| Aim of the exercise |
Every line of the material is to be quoted verbatim, minus the pictures.

| Supplied data |

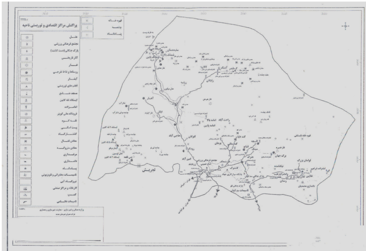
شکل شماره ۲: نقشه پراکنش مراکز اقتصادی و توریستی ناحیه

جاذبه‌های گردشگری ناحیه به قرار زیر است:
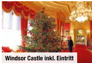
Windsor Castle inkl. Eintritt

bei einem geführten Rundgang, bevor Sie Eintritt in das königliche Windsor Castle erhalten. Das prachtvolle Schloss zeigt sich in der Weihnachtszeit herrlich geschmückt – ein Anblick zum Träumen, den Sie sich keinesfalls entgehen lassen sollten! Ihr nächstes Highlight ist der Besuch von Oxford. Wie Sie bei Ihrer Stadtbesichtigung sicherlich feststellen werden, gehört die Universitätsstadt zu den schönsten Städten Englands. Ein Besuch zur Weihnachtszeit ist daher besonders atmosphärisch. Bei freier Zeit genießen Sie das Flair.
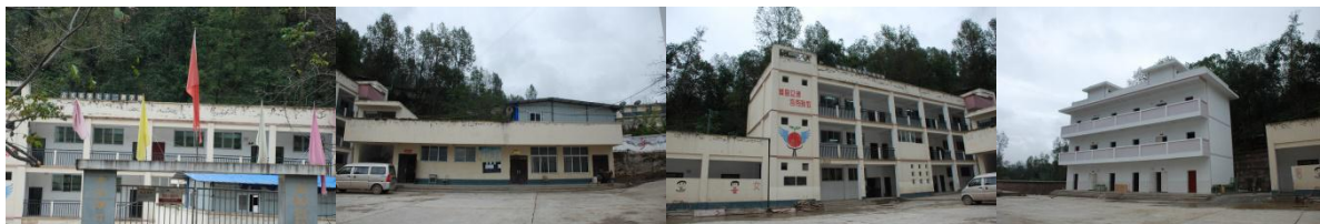
图 2 学校外观环境组图

一村一幼幼儿有两个班已搬进学校两周了，教育局已下达本学期九、十月份牛奶及饼干的指标，所以幼儿暂时没有在校用餐。据校方称因修路交通不便，教育局至今未把牛奶及饼干发放给幼儿用餐，午餐时，幼儿只能眼睁睁的饿着肚子看着哥哥姐姐吃饭。
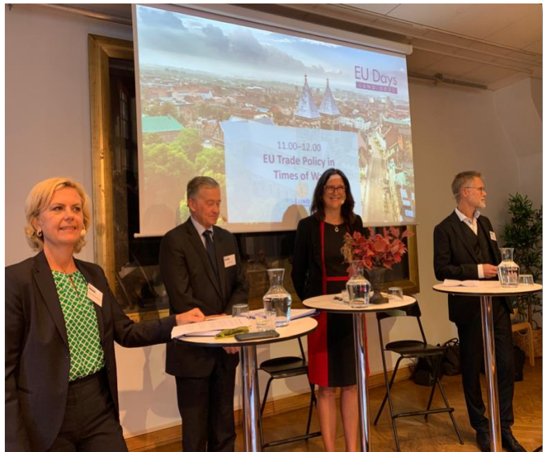
CFE organiserade samtal om global handel i krigstider under EU Days Lund
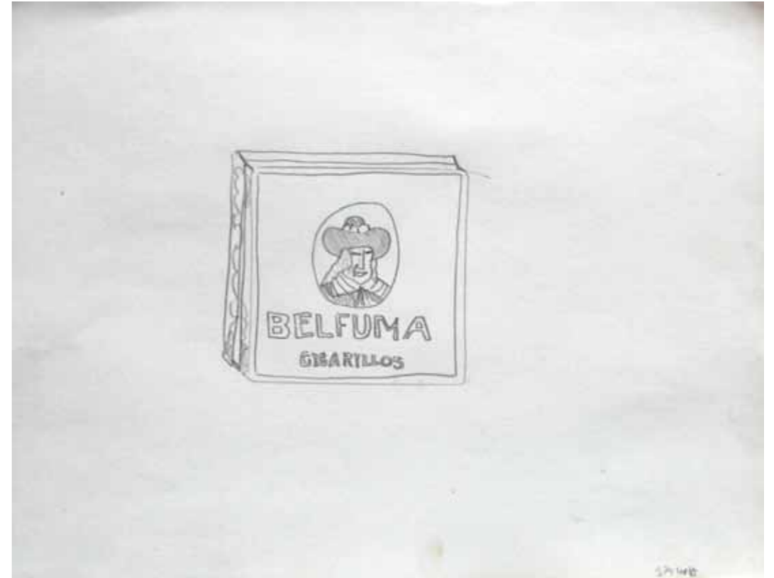
O. T., 1975; Bleistift auf Zeichenpapier, 24 × 31,2 cm
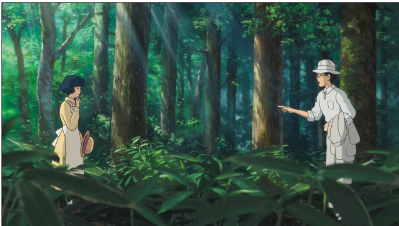
El viento se levanta (2013) de Hayao Miyazaki.

Varias escenas muestran los kodama (espíritus de los árboles). Lucen con un pequeño cuerpo humano y con una cabeza rotatoria. Son juguetones y nobles. Guían al príncipe Ashitaka por el bosque. Para el príncipe representa: « el bosque está sano ».
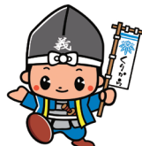
津幡町 よしなかくん
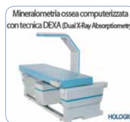
Mineralometria ossea computerizzata con tecnica DEXA (Dual X-Ray Absorptiometry)
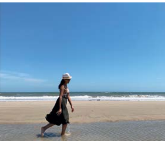
Praia do Hermenegildo
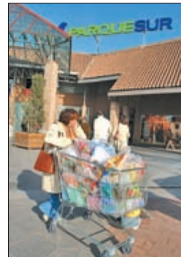
Entrada de Parquesur

Los clientes de Parquesur podrán disfrutar de los más de 200 establecimientos que ofrece el centro, así como de las zonas de ocio y restauración durante los 365 días del año (excepto el 25 de diciembre, 1 y 6 de enero y 1
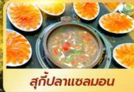
สุกี้ปลาแซลมอน
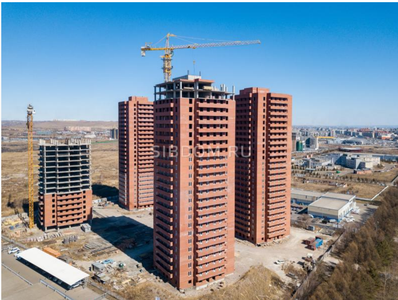
ЖК «Квадро» на ул. Караульной. В мае 2019-го завершение комплекса оценивали в 400 миллионов рублей.

Объекты должны были сдать в эксплуатацию в июне 2018 года, но сделано этого не было. В феврале 2019-го стройкой «Квадро» заинтересовалась прокуратура. Летом 2019 года в офисах компаний «Спецстрой», «Ситистрой», «Сибинвест» и «Строительное управление 208» прошли обыски. Против руководителей четырёх компаний было возбуждено уголовное дело о мошенничестве, суд избрал меру пресечения в виде ограничения свободы.
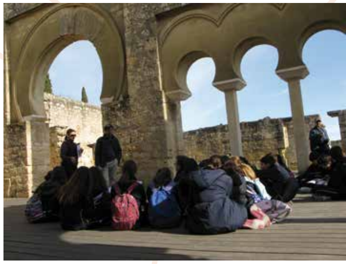
© ilustración: Pilar del Pino. D.L.: SE 778-2018

Para el buen uso de estas instalaciones y para el disfrute de todos, es necesario cumplir las normas establecidas por el centro y atender las indicaciones del personal de vigilancia.
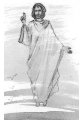
La Ascensión Luc 24,50-53
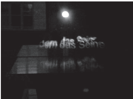
Maja Bajevic. To Be Continued (Continuará), 2011, instalación.

Este aparece rodeado por andamios que lo sitúan en un tiempo intermedio, entre la construcción y el desmontaje. En la parte trasera hay un tobogán, de tal modo que la única forma de descender del monumento es o dar la “vuelta” y bajar por donde se ha venido, o bien tirarse por el tobogán. Ambas opciones
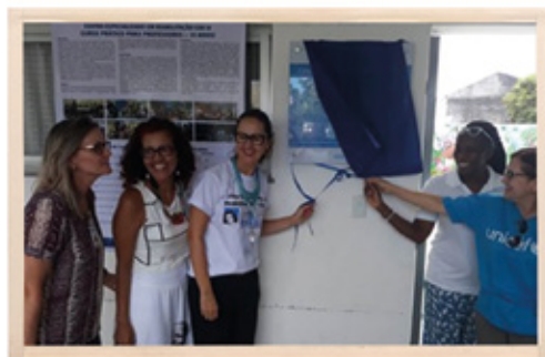
Inauguração do Centro de Treinamento nas Obras Sociais Irmã Dulce (OSID), em Salvador (BA)

A demanda por capacitações de professores para a inclusão de crianças com deficiência nas escolas é tão alta que a OSID, junto com o UNICEF e outros parceiros, já está planejando uma versão online para o curso, a fim de alcançar professores de todo o Brasil.
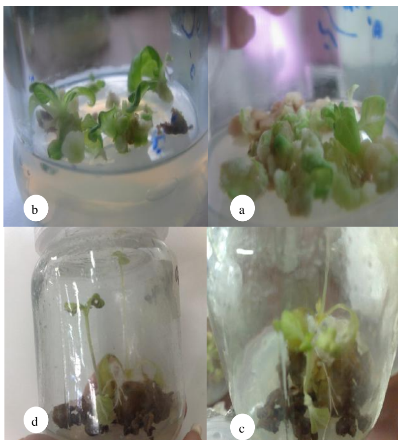
شکل ۱- a- تولید برگ‌های اولیه از کالوس، b- رشد برگ‌ها، c- ادامه رشد و تشکیل ساقه و d- شکل‌گیری اندام هوایی کامل

تعادل هورمون‌های رشد در محیط القای شاخه یک اثر کنترلی بر روی مورفوژنز دارد. سطوح مختلف هورمون‌های خارجی نقش بسیار مهمی در تشکیل شاخه دارند و شدیداً روی مورفوژنز تأثیرگذار هستند (۱۵). حدود دو هفته پس از واگشت، شاخساره‌های باززا
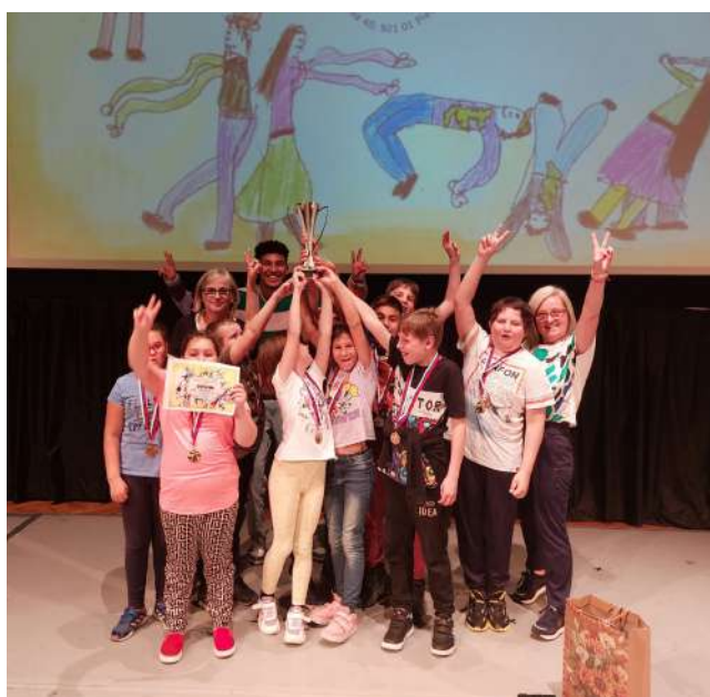
Radosť z výhry bola veľká.
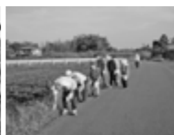
農道の空き缶・ごみ拾い
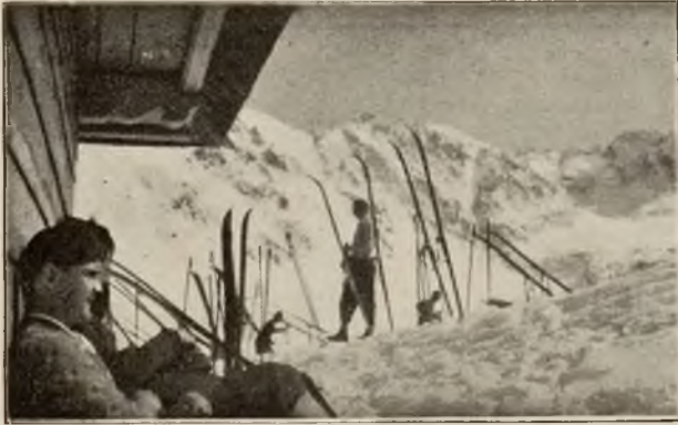
Narciarze przed schroniskiem na Hali Gąs.

Gdy śnieg otuli swym jasnym puchem rozległe równiny i bezkresne pola, gdy otuli szare zagajniki i nadrzeczne łąki... idzie smutek przez cały kraj i wydaje się, jakby uleciała radość gdzieś w dal... i jeno
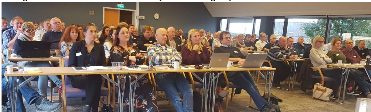
Fra Buskerud- Vestfold og Telemark Travforbunds felles høstkonferanse i 2019

Høstkonferansen 2020 skulle arrangeres for Vestfold, Buskerud og Telemark Travforbund – slik som tidligere år. Vestfold stod som arrangør, og det ble lagt ned mye jobb for å skape egasjement og motivere folk til å melde seg på. Det lyktes de med og hadde rekordstor påmelding med godt over 100 påmeldte. Til tross for tett samarbeid mellom VT, hotellet, DNT og kommuneoverlegen, så lyktes det dessverre ikke å lage en ramme rundt arrangementet som tilfredstilte de nasjonale retningslinjene.

| Answer to this exercise |
شکل شماره ۲: نقشه پراکنش مراکز اقتصادی و توریستی ناحیه

جاذبه‌های گردشگری ناحیه به قرار زیر است:
Windsor Castle inkl. Eintritt

bei einem geführten Rundgang, bevor Sie Eintritt in das königliche Windsor Castle erhalten. Das prachtvolle Schloss zeigt sich in der Weihnachtszeit herrlich geschmückt – ein Anblick zum Träumen, den Sie sich keinesfalls entgehen lassen sollten! Ihr nächstes Highlight ist der Besuch von Oxford. Wie Sie bei Ihrer Stadtbesichtigung sicherlich feststellen werden, gehört die Universitätsstadt zu den schönsten Städten Englands. Ein Besuch zur Weihnachtszeit ist daher besonders atmosphärisch. Bei freier Zeit genießen Sie das Flair.
图 2 学校外观环境组图

一村一幼幼儿有两个班已搬进学校两周了，教育局已下达本学期九、十月份牛奶及饼干的指标，所以幼儿暂时没有在校用餐。据校方称因修路交通不便，教育局至今未把牛奶及饼干发放给幼儿用餐，午餐时，幼儿只能眼睁睁的饿着肚子看着哥哥姐姐吃饭。
CFE organiserade samtal om global handel i krigstider under EU Days Lund
O. T., 1975; Bleistift auf Zeichenpapier, 24 × 31,2 cm
El viento se levanta (2013) de Hayao Miyazaki.

Varias escenas muestran los kodama (espíritus de los árboles). Lucen con un pequeño cuerpo humano y con una cabeza rotatoria. Son juguetones y nobles. Guían al príncipe Ashitaka por el bosque. Para el príncipe representa: « el bosque está sano ».
津幡町 よしなかくん
Mineralometria ossea computerizzata con tecnica DEXA (Dual X-Ray Absorptiometry)
Praia do Hermenegildo
Entrada de Parquesur

Los clientes de Parquesur podrán disfrutar de los más de 200 establecimientos que ofrece el centro, así como de las zonas de ocio y restauración durante los 365 días del año (excepto el 25 de diciembre, 1 y 6 de enero y 1
สุกี้ปลาแซลมอน
ЖК «Квадро» на ул. Караульной. В мае 2019-го завершение комплекса оценивали в 400 миллионов рублей.

Объекты должны были сдать в эксплуатацию в июне 2018 года, но сделано этого не было. В феврале 2019-го стройкой «Квадро» заинтересовалась прокуратура. Летом 2019 года в офисах компаний «Спецстрой», «Ситистрой», «Сибинвест» и «Строительное управление 208» прошли обыски. Против руководителей четырёх компаний было возбуждено уголовное дело о мошенничестве, суд избрал меру пресечения в виде ограничения свободы.
© ilustración: Pilar del Pino. D.L.: SE 778-2018

Para el buen uso de estas instalaciones y para el disfrute de todos, es necesario cumplir las normas establecidas por el centro y atender las indicaciones del personal de vigilancia.
La Ascensión Luc 24,50-53
Maja Bajevic. To Be Continued (Continuará), 2011, instalación.

Este aparece rodeado por andamios que lo sitúan en un tiempo intermedio, entre la construcción y el desmontaje. En la parte trasera hay un tobogán, de tal modo que la única forma de descender del monumento es o dar la “vuelta” y bajar por donde se ha venido, o bien tirarse por el tobogán. Ambas opciones
Inauguração do Centro de Treinamento nas Obras Sociais Irmã Dulce (OSID), em Salvador (BA)

A demanda por capacitações de professores para a inclusão de crianças com deficiência nas escolas é tão alta que a OSID, junto com o UNICEF e outros parceiros, já está planejando uma versão online para o curso, a fim de alcançar professores de todo o Brasil.
شکل ۱- a- تولید برگ‌های اولیه از کالوس، b- رشد برگ‌ها، c- ادامه رشد و تشکیل ساقه و d- شکل‌گیری اندام هوایی کامل

تعادل هورمون‌های رشد در محیط القای شاخه یک اثر کنترلی بر روی مورفوژنز دارد. سطوح مختلف هورمون‌های خارجی نقش بسیار مهمی در تشکیل شاخه دارند و شدیداً روی مورفوژنز تأثیرگذار هستند (۱۵). حدود دو هفته پس از واگشت، شاخساره‌های باززا
Radosť z výhry bola veľká.
農道の空き缶・ごみ拾い
Narciarze przed schroniskiem na Hali Gąs.

Gdy śnieg otuli swym jasnym puchem rozległe równiny i bezkresne pola, gdy otuli szare zagajniki i nadrzeczne łąki... idzie smutek przez cały kraj i wydaje się, jakby uleciała radość gdzieś w dal... i jeno
Fra Buskerud- Vestfold og Telemark Travforbunds felles høstkonferanse i 2019

Høstkonferansen 2020 skulle arrangeres for Vestfold, Buskerud og Telemark Travforbund – slik som tidligere år. Vestfold stod som arrangør, og det ble lagt ned mye jobb for å skape egasjement og motivere folk til å melde seg på. Det lyktes de med og hadde rekordstor påmelding med godt over 100 påmeldte. Til tross for tett samarbeid mellom VT, hotellet, DNT og kommuneoverlegen, så lyktes det dessverre ikke å lage en ramme rundt arrangementet som tilfredstilte de nasjonale retningslinjene.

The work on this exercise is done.